Getting an EDNA number involves filling in a simple Excel spreadsheet with some basic collection information, and uploading it to a database. The Excel spreadsheet is accessible to RBGE lab users on an internal server (DNA, Molecular lab registration forms, EDNA (DNA), EDNA_submission_sheet_v01), and has two sets of fields, required and additional. If anything’s missing from the required fields, an EDNA number will not be issued, whereas the additional data is recommended but not essential… However, the more fully complete the data entry is, the faster it is to use it to generate GenBank submissions and publication voucher tables, justifying spending a little extra time on getting the forms completed.

Two points to remember when filling in the spreadsheet are not to use special characters, and not to make any of the entries too long, as there’s a maximum character number.

REQUIRED INFORMATION

Taxon name: this should not have authority information (Bellis perennis L.), just the genus and specific epithet (Bellis perennis).

Collector name: this cannot begin with an initial (J. Smith) as it will be rejected by the database; either use a full Christian name (John Smith), or put the surname first (Smith, J.).

Collector number: if there is none, s.n. is accepted.

Country code: two-letter standard codes; when filling in the spreadsheet, there is a tab with all the codes that you can look up (e.g. DE for Germany).

Material type: drop-down menu choices – fresh, frozen, herbarium, seed, silica gel dried.

Extraction type: drop-down menu choices include tissue maceration type, e.g. pestle, or mixer mill, and chemistry used, e.g. CTAB, Plant DNeasy minikits, Qiextractor.

ADDITIONAL INFORMATION

User DNA ID: this is the number that was given to the extraction in the lab; it’s extremely useful to have this for various troubleshooting in the lab – it can help match accessions to tubes, sort out issues with sample order, etc.

Extraction Date: entered in standard format year-month-date. Again, this can be useful for later troubleshooting, e.g. for separating batches of extractions by date, in case something went wrong on a particular day.

Herbarium barcode: this is ONLY for RBGE herbarium barcodes, not those from other institutes. If this is available, filling this in will propagate specimen data from the herbarium database. However, the required fields still need to be filled in.

Living Accession Number: this is ONLY for RBGE living accessions, not those from other institutes. If this is available, filling this in will propagate specimen data from the living collection database. However, the required fields still need to be filled in. The qualifier letter should not be filled in here.

Living Qualifier: this field is for any alphabetical character after the Living Accesion Number.

Silica Gel Box Number: this field is best left empty unless silica material came from a box numbered in the same format as “SGN12345”.

Sample note: free field, but there is a limit on how many characters are allowed, so should be kept short, and free from special characters.

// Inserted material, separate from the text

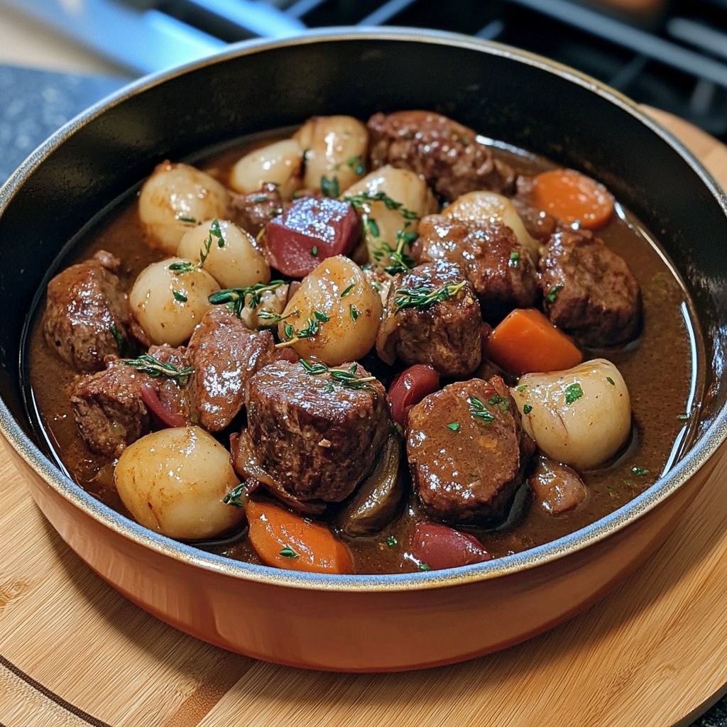 Il existe peu de plats aussi emblématiques de la cuisine française que le ragoût de bœuf mijoté longuement dans une sauce riche et onctueuse. Cette version, à base de paleron fondant, de champignons sautés, de bacon croustillant et d’un bouillon parfumé au bouquet garni, incarne tout ce que l’on aime dans la gastronomie de terroir : la lenteur, la profondeur des arômes, et un vrai goût d’authenticité.

It may be useful to note e.g. if the extraction was from sporophyte versus gametophyte tissue, or flower versus leaf.

Location: free field, but there is a limit on how many characters are allowed, so should be kept short, and free from special characters.

Coordinates: free field, but there is a limit on how many characters are allowed, so should be kept short.

Decimal longitude:

Decimal latitude:

Collection Date Verbatum: this is for dates that cannot be turned into the correct date format, e.g. “Spring 1920”, “October 1976”.

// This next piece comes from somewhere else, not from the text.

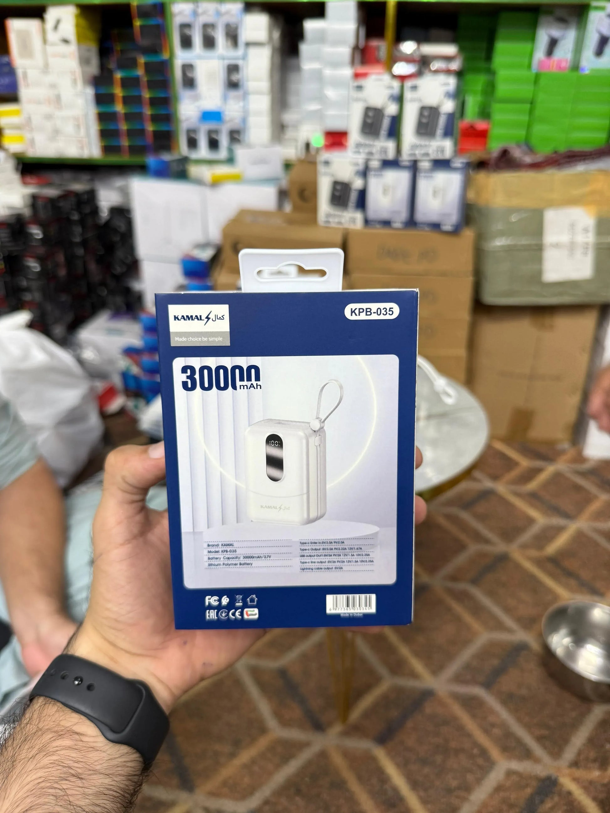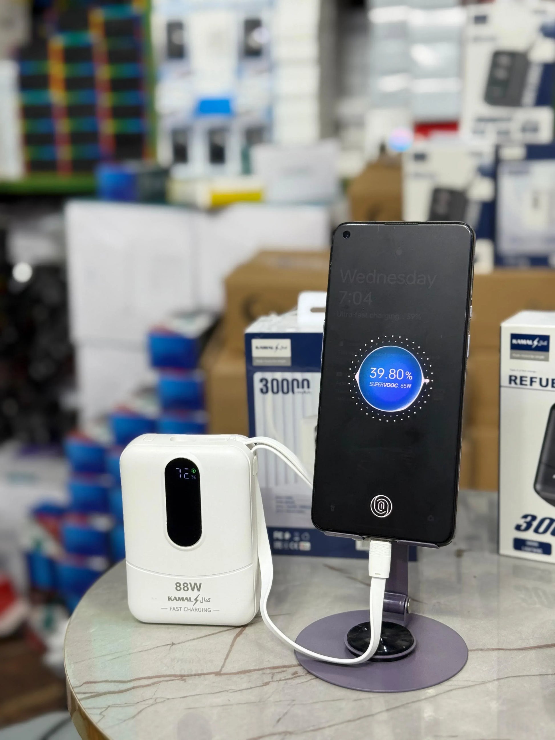 KAMAL Mini Power Bank 88W Fast Charging – 20,000mAh / 30,000mAh (LED % Display, Built-in Cable)

Collection Date: entered in standard format year-month-date. This can be very useful in relation to DNA quality. If this is filled in, there is no point also filling in the Collection Date Verbatum field.

Note: free field, but there is a limit on how many characters are allowed, so should be kept short, and free from special characters.

Once the EDNA form is filled in, it can be uploaded to the EDNA database, which is available to users at RBGE who have a Username and Password.

Once logged on, the tab ‘Importer’ becomes highlighted; at the bottom of the Importer screen is a “Load” button. The information in the excel sheet should be pasted into the ‘Load data’ window, and mapped to the fields. This will leave four fields that need to be filled in manually, three required fields: User (the lab user’s name, available from a drop-down list); Project (again, from a drop-down, e.g. MSc, barcoding, Leguminosae); Contact (a permanent staff member who will take long-term responsibility for the project, chosen from the drop-down list) – and one optional field, EDBANK Format (how the DNA will be stored long term – Plate, Strip or Tube; for most phylogenetics projects DNA will be stored in individual tubes, while for some population genetic project it will be stored in strips or plates – check with the molecular lab staff if unsure which format to chose).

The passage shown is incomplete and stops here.